Pectinereis

Scientific classification
- Kingdom: Animalia
- Phylum: Annelida
- Clade: Pleistoannelida
- Subclass: Errantia
- Order: Phyllodocida
- Family: Nereididae
- Genus: Pectinereis
- Species: P. strickrotti
- Binomial name: Pectinereis strickrotti Villalobos-Guerrero et al.

= Pectinereis =

- Genus: Pectinereis
- Species: strickrotti
- Authority: Villalobos-Guerrero et al.

Genus of nereid worm

Pectinereis is a genus of nereid worm that contains only the species Pectinereis strickrotti. The genus name is a combination of the Latin words pectinis (comb) and Nereis (the type genus of the family). The species is named for Bruce Strickrott, lead pilot of the deep-submergence vehicle Alvin. Molecular phylogenetic analysis suggests that Pectinereis strickrotti is most closely related to Alitta, Nectoneanthes, and Nereis.

== Description ==
Most nereidids perform oxygen exchange in branchiae; however, Pectinereis strickrotti possesses more elaborate gills. Furthermore, some nereidids use their respiratory organs for pheromone reception and as sexual adaptations, but this is not the case in P. strickrotti. When the worm is a sexually mature epitok, its body is divided into four regions, unlike the two regions of other nereidids. The rear chaetae undergo the fewest changes during epitoky, and may even be unmodified. The internal acicula are also unique; some of them in the rear parapodia are very stout, slightly curved, have a blunt end, and extend beyond the parapodial surface. These are called "hooked acicula," and are most near in appearance to those of Tambalagamia fauveli.
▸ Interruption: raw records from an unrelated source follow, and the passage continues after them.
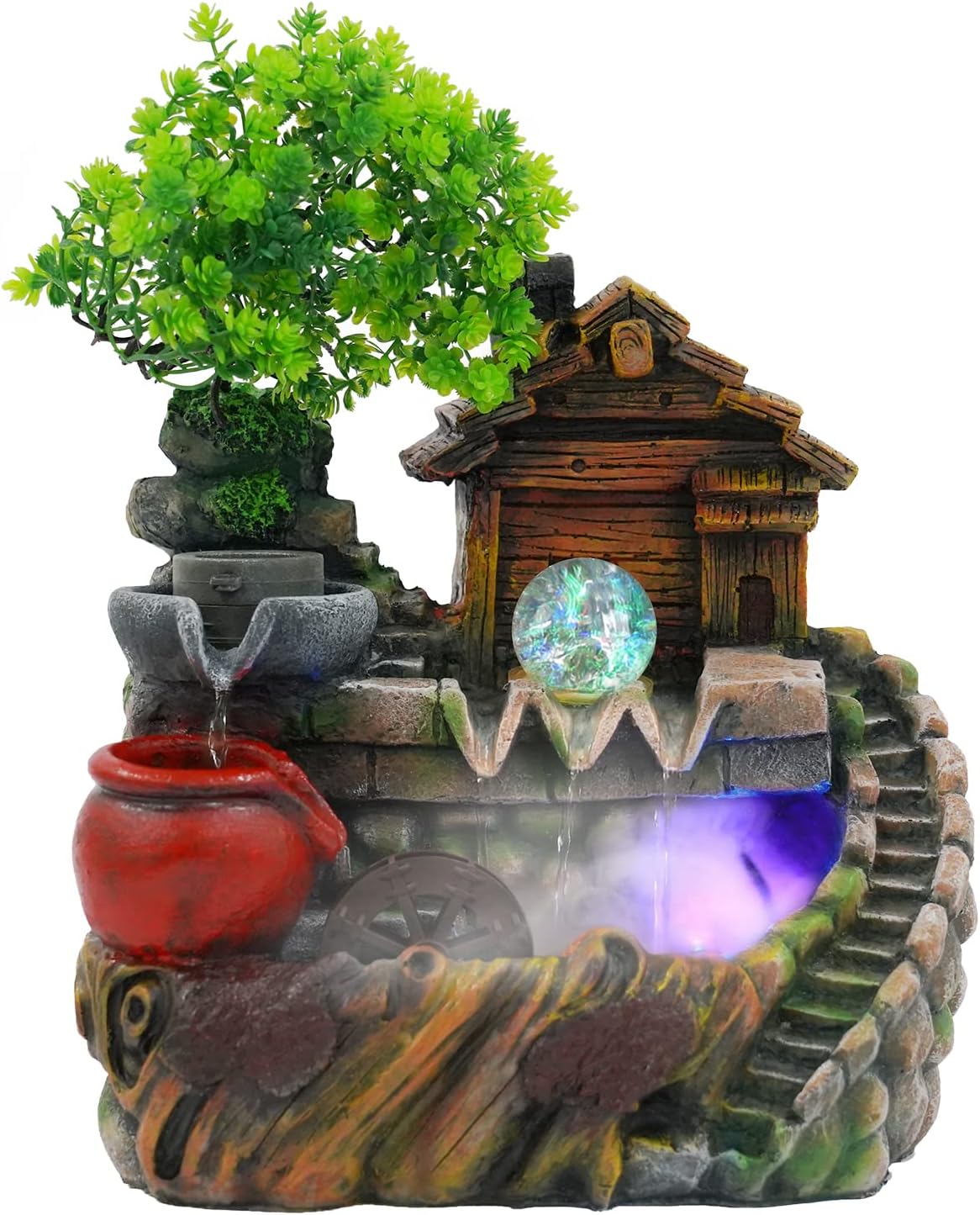 Atmosfera Maker: la sera puoi goderti la luce a LED che può cambiare i colori e illuminare la cascata per creare un'atmosfera da sogno per te Aiuto per il Il suono dell'acqua corrente prima di andare a letto può allontanare la stanchezza della giornata e aiutare a dormire tranquillamente Descrizione. [LUCI LED SPARLANTI] Godi le nostre luci fontane a LED con acqua la sera sul patio del tuo giardino o sul tavolo della camera da letto Fontana Da Giardino FONTANA A CASCATA FONTANA DA INTERNI FONTANA DA Fontane Per Interni Compatto e leggero: le dimensioni compatte (7.09*5.91*11.81in) e il peso leggero (3.09lbs) rendono il prodotto facilmente spostato e posizionato Il bell'aspetto può aggiungere colore a qualsiasi tavolo, soggiorno, camera da letto o arredamento della scrivania Sicuramente un ottimo regalo per tutte le occasioni (Natale, compleanni, San Valentino, festa della mamma, festa del papà) o semplicemente per divertirsi! Bella decorazione da tavola: le piante simulate, la ruota dell'acqua e le rocce con texture chiare ti faranno sentire in natura. Descrizione prodotto Ruota idraulica
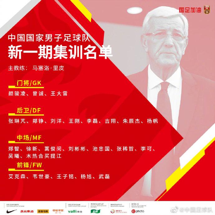 最新一期国足集训名单。图片来源:中国足球队官方微博
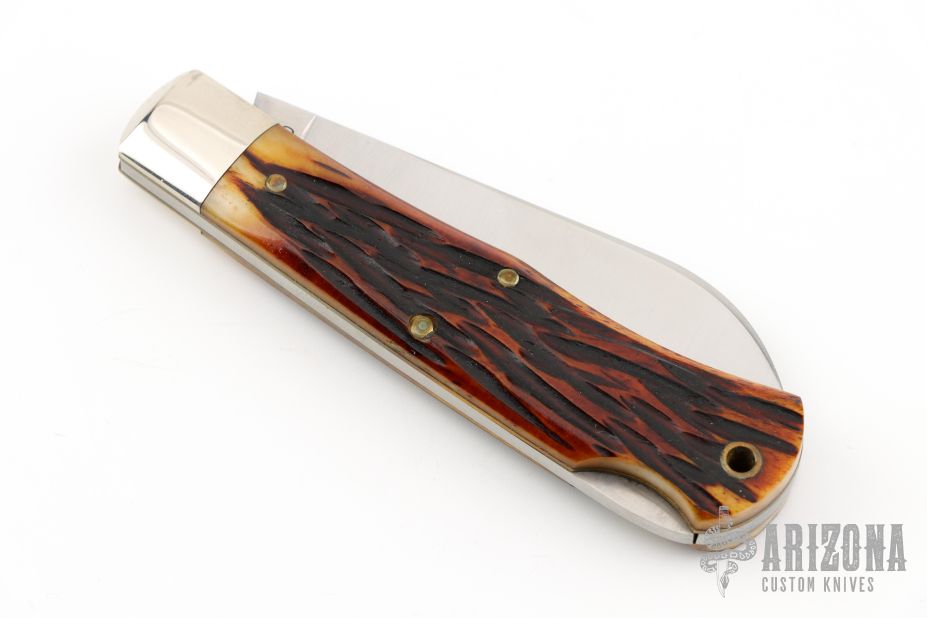 This Lockback by Great Eastern Cutlery features a polished blade with nail nick. The handle features nickel silver bolsters and jigged bone covers over brass liners and stainless steel spring. Includes original packaging. Excellent Condition. 25 made.
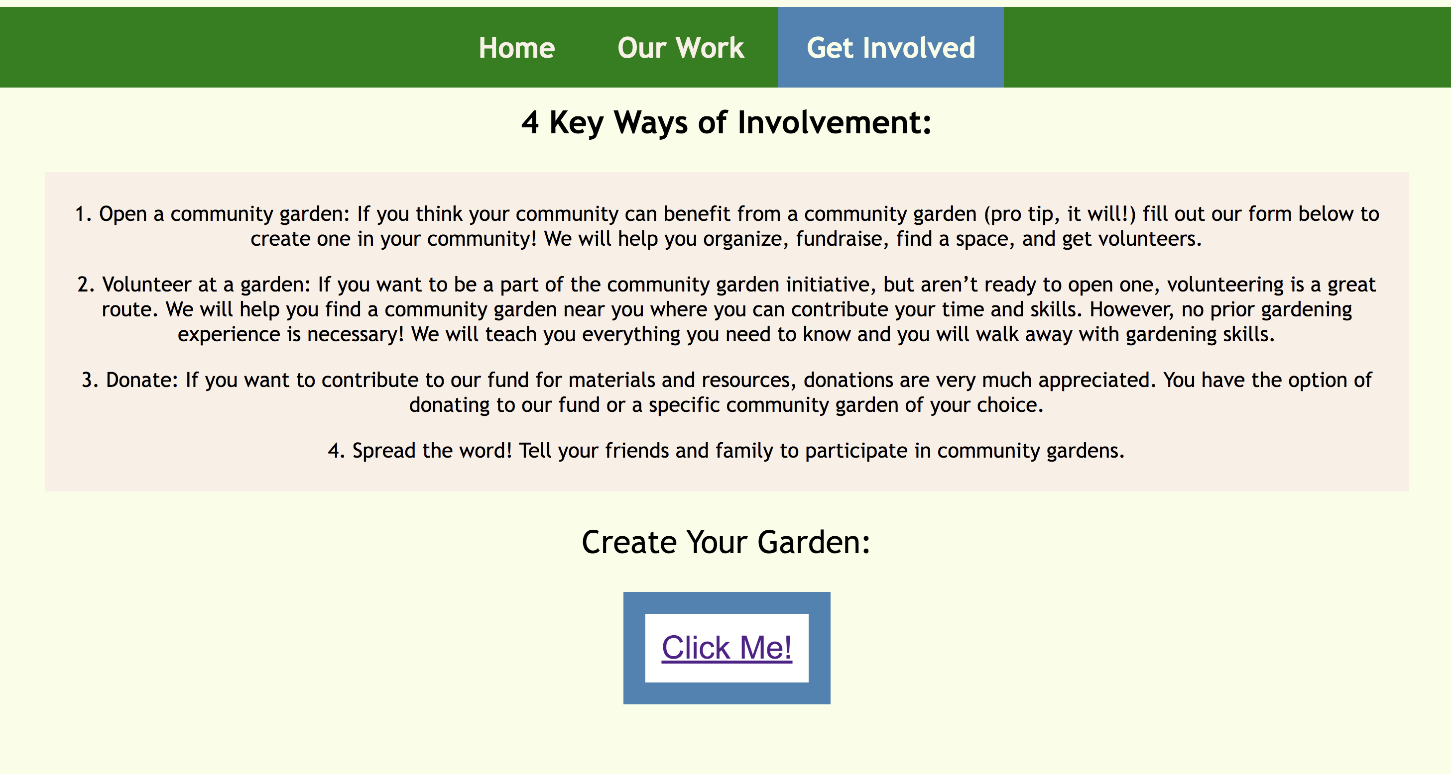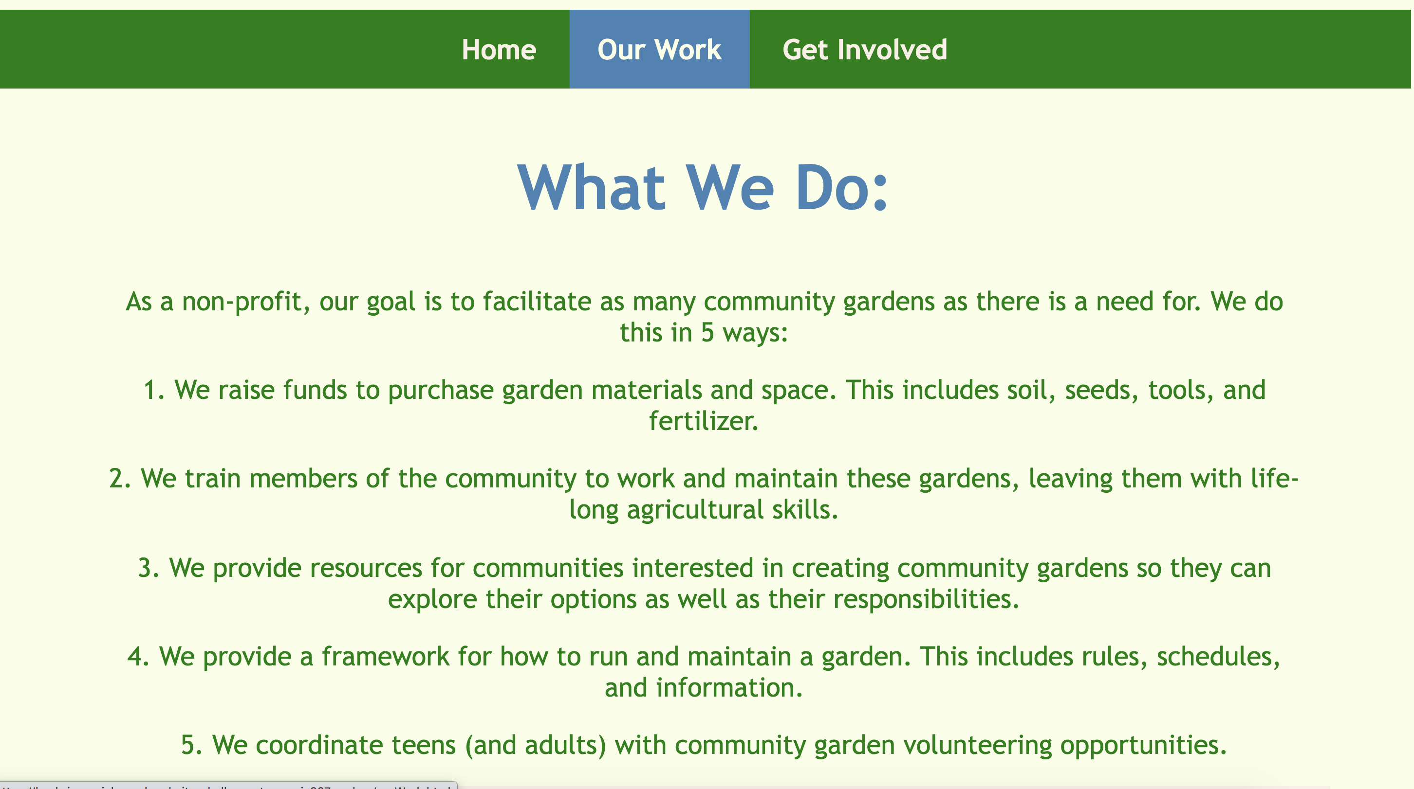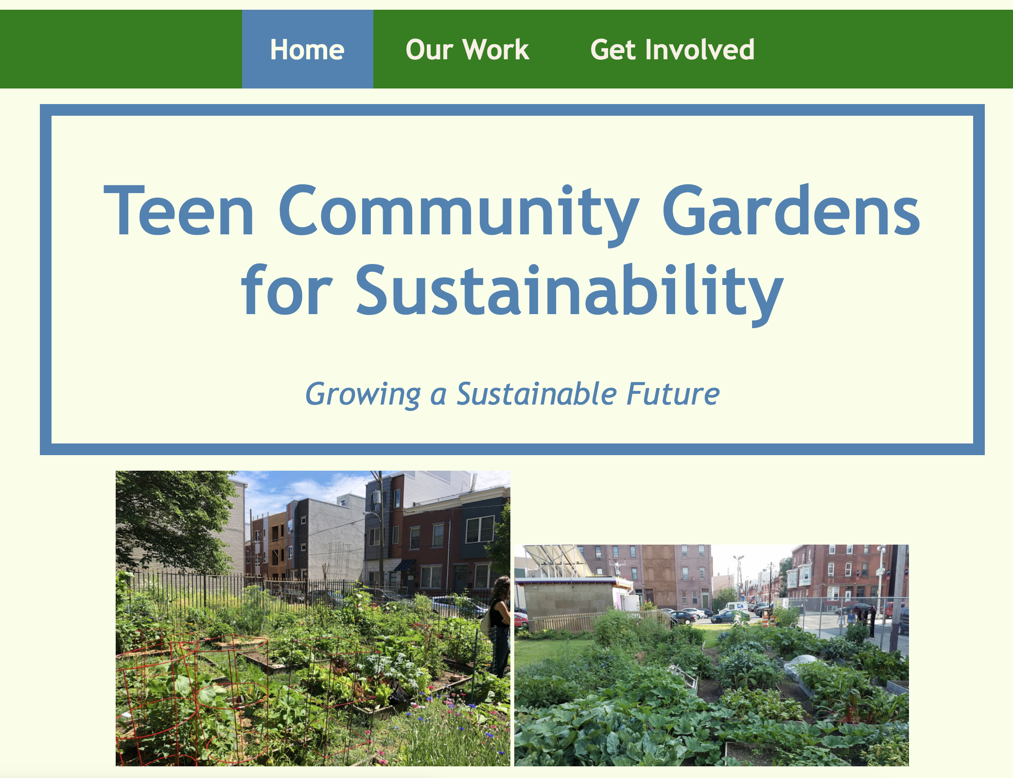 Our site teaches interested teens about community gardens and their benefits. It helps teens get involved in their community and offers them a way to start or volunteer at a community garden. Also, to help teach teens about more sustainable environmental practices.
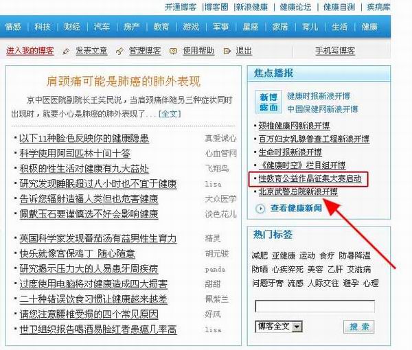 推广2:博客健康首页文字广告(2007年9月4日—2007年9月11日)
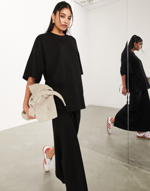 ASOS EDITION premium heavyweight jersey oversized t-shirt and maxi skirt in black
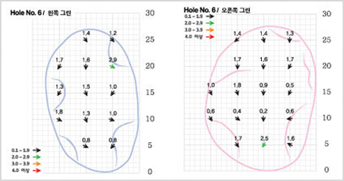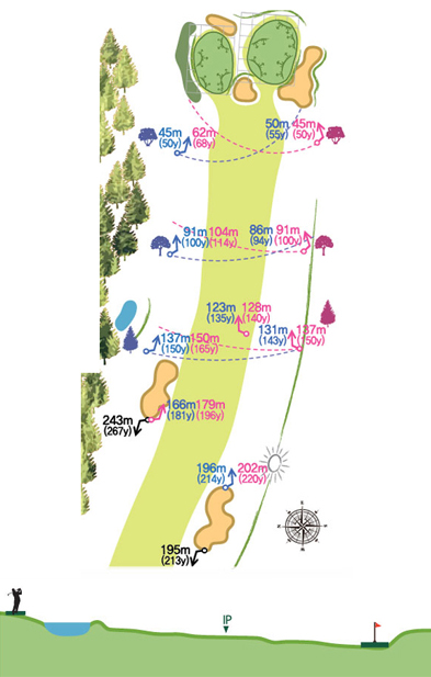 투 혼 시키기가 어려운 가장 긴 핸디캡 1번의 파 4홀로 오른쪽이 OB지역이다. 티샷은 오른쪽 나무 약간 왼쪽 끝을 겨냥하면 이상적이다. 세컨 샷에서 페어웨이 우드나 롱 아이언을 사용 할수밖에 없으나, 탄도 낮은 샷으로는 그린 앞 벙커들이 장해물이 된다.
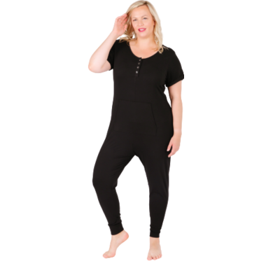 I have a lot of stomach issues and can’t stand to have anything tight around my waist and this romper is perfect for my needs! I have even gone to the Smash+Tess website and purchased four more items (they have some great sales). I did buy this on sale and think the regular price is a bit much but this is a small Canadian business so I understand they don’t have the buying power of a larger company and I feel good supporting them. I think the fabric is of good quality and if you have the right fit the crotch shouldn’t hang down. I am 5’6” and did not have any of these issues. I am on the heavier side so I am aware that this is not my most flattering outfit but for wearing around the house it’s awesome. If I do wear it out a jean jacket makes a cute addition. If you are self conscious of your bottom tie a shirt or jacket around your waist or add a belt to break it up, or even better, don’t worry about what others are thinking! You are beautiful the way you are!
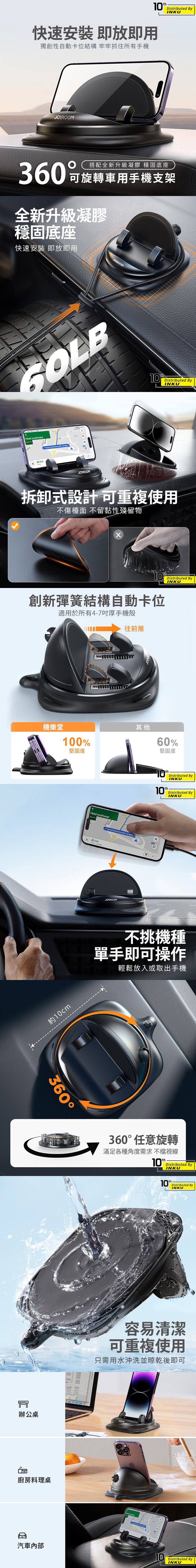快速安裝 即放即用搭配全新升級凝膠 穩固底座 創新彈簧結構自動卡位角度可調整 360°旋轉告別反光磁吸理線夾設計 充電更方便可重複使用 只需用水沖洗並晾乾後即可不挑機種單手即可操作

== Distribution, habitat, and ecology ==

Specimens of the worm were first collected in 2018 by the deep-submergence vehicle Alvin off the research vessel Atlantis. They were found swimming near a methane seep off the Pacific coast of Costa Rica at a depth of around 1,000 meters. This habitat is unusual, as other related nereid worms are not found in the deep sea, but in shallow waters.

The diet and feeding habits of Pectinereis strickrotti are unknown.